Полная версия
Сатирическая энциклопедия Платона Похотливого. Том 1
Платон Пантелеймонович окончательно покраснел, расстегнул верхнюю пуговицу сорочки и с ненавистью посмотрел на пятно сиропа, в котором видел теперь не плохую физику, а торжество вселенской похоти.
Он вдруг снова выпрямился, поправил пенсне и холодно добавил:
– Стакан лимонада, будьте любезны. И протрите стол, здесь чрезвычайно неопрятно.
Аддикция
Платон Пантелеймонович Похотливый сидел в кофейне «Амброзия», скрестив ноги в безупречно отглаженных брюках. В руках он держал томик Канта, но взгляд его, исполненный трансцендентальной печали, был устремлен в окно, где осенний петербургский дождь омывал серый гранит мостовой.
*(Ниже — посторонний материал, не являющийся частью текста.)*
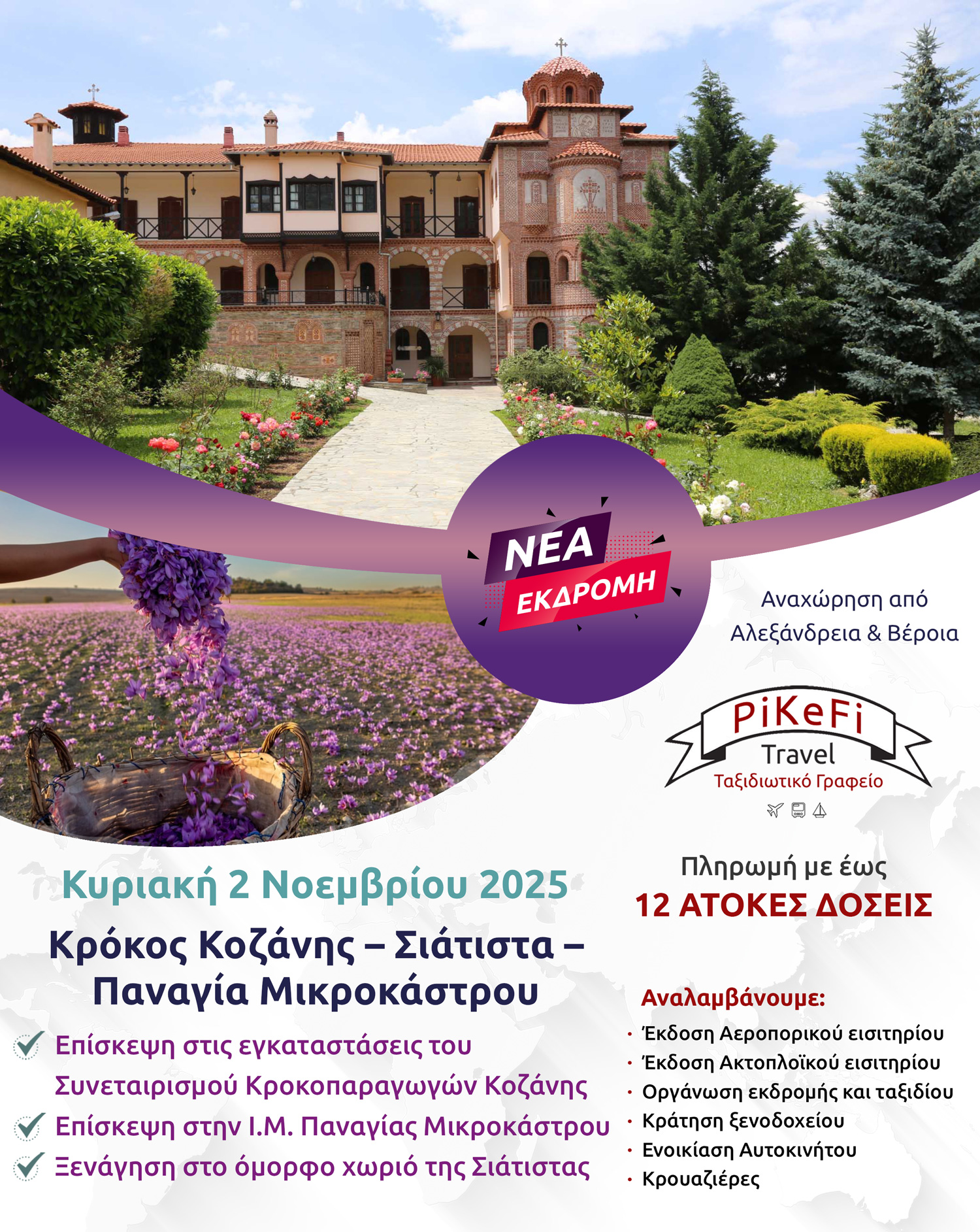 Πληροφορίες για την εκδρομή - Κρατήσεις: https://www.pikefi-travel.gr/.../krokos-kozanis-siatista.../

«Мироздание – суть хрупкий сосуд, – размышлял Платон Пантелеймонович, поправляя пенсне. – Посмотрите на эти капли: они подобны слезам падших ангелов, ищущих приюта в равнодушной материи. Социальный договор трещит по швам, инфляция пожирает дух, а человечество забыло о логосе, погрязнув в суете».
Он выглядел как последний оплот высокой культуры. Официантка, ставя перед ним чашку эрл грея, случайно задела ложечкой блюдце. Раздался тонкий, дребезжащий звон.
Этот звук пронзил Платона Пантелеймоновича, как электрический разряд. Его левый глаз едва заметно дернулся.
– Вы слышали этот резонанс, милочка? – произнес он вслух, и голос его из бархатного баритона вдруг стал напоминать скрип несмазанной телеги. – Вибрация металла о фарфор... Это же чистая метафора фрикции. Вы понимаете, к чему я клоню? Вот вы сейчас ложечку уронили, а у меня в голове сразу выстроилась логическая цепочка к девальвации рубля. А почему рубль падает? Потому что нет твердости. А где у нас нынче твердость, кроме как в штанах у подзаборного ханыги, который пялится на ваши лодыжки?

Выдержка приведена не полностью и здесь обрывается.